Raw materials: volatility and conflicting trends

Text in which the author advocates ideas and draws conclusions based on his or her interpretation of facts and data

Commodity markets, like other financial markets, have experienced unusually high volatility in the last month, primarily due to the trade policy announcements of the new US administration led by Donald Trump. As a result, for example, the price of oil fell by nearly 15% in just a few days, from levels around $75 a barrel of Brent to $65 (with wide fluctuations). However, in contrast, gold appreciated by nearly 8% in the last month, and some agricultural products reported similar gains (the price of coffee appreciated by 8% and corn futures rose by 6%).
This behavior is closely related to potential disruptions to global trade, with economic repercussions for most countries around the world. This, in principle, means lower levels of trade, production, and, consequently, demand for raw materials. However, there is also some underlying factor in the relocation of agricultural plants that could cause upward pressure on prices, as well as increased demand for other plants that act as safe havens. This volatile scenario will lead to a widespread revision of projections not only for activity but also for raw material prices, although with differences depending on their nature.

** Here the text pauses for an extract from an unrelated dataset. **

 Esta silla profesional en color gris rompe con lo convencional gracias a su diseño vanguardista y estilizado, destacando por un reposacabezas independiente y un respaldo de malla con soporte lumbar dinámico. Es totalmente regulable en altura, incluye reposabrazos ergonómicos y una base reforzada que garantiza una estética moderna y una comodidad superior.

Among those that have had the greatest impact are the energy sectors, led by oil and gas. In the former, the new, more complex scenario is compounded by OPEC+'s decision to accelerate the normalization of its production, progress toward possible negotiations between Russia and Ukraine, and the recent, though still incipient, rapprochement between the United States and Iran. All of these presuppose a potential increased oil supply.

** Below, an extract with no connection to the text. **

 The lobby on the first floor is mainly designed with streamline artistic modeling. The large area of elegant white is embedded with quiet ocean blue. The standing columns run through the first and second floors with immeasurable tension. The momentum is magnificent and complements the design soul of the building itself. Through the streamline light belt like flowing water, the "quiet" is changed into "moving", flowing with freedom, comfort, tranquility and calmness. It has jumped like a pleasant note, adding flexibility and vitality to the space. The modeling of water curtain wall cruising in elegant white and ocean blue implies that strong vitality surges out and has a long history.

On a more structural front, there are strong conflicting trends that make it difficult to formulate a long-term scenario for raw materials. On the one hand, increased demand for these products is expected to meet the needs of new technologies, including those required to fuel developments in artificial intelligence. On the other hand, there is the policy of unrestricted expansion of raw material production in the United States and its shift away from the objectives of containing the advance of climate change. Ultimately, in the short term, we are headed toward a scenario of low prices for productive or industrial purposes. However, if we extend the analysis of commodities to a longer period, it does not appear that we are rowing in a coordinated manner toward a structural solution to the needs of the energy transition, which is likely to maintain relatively high prices for raw materials such as gas, oil, and metals.
Alejandro Reyes González, BBVA Research.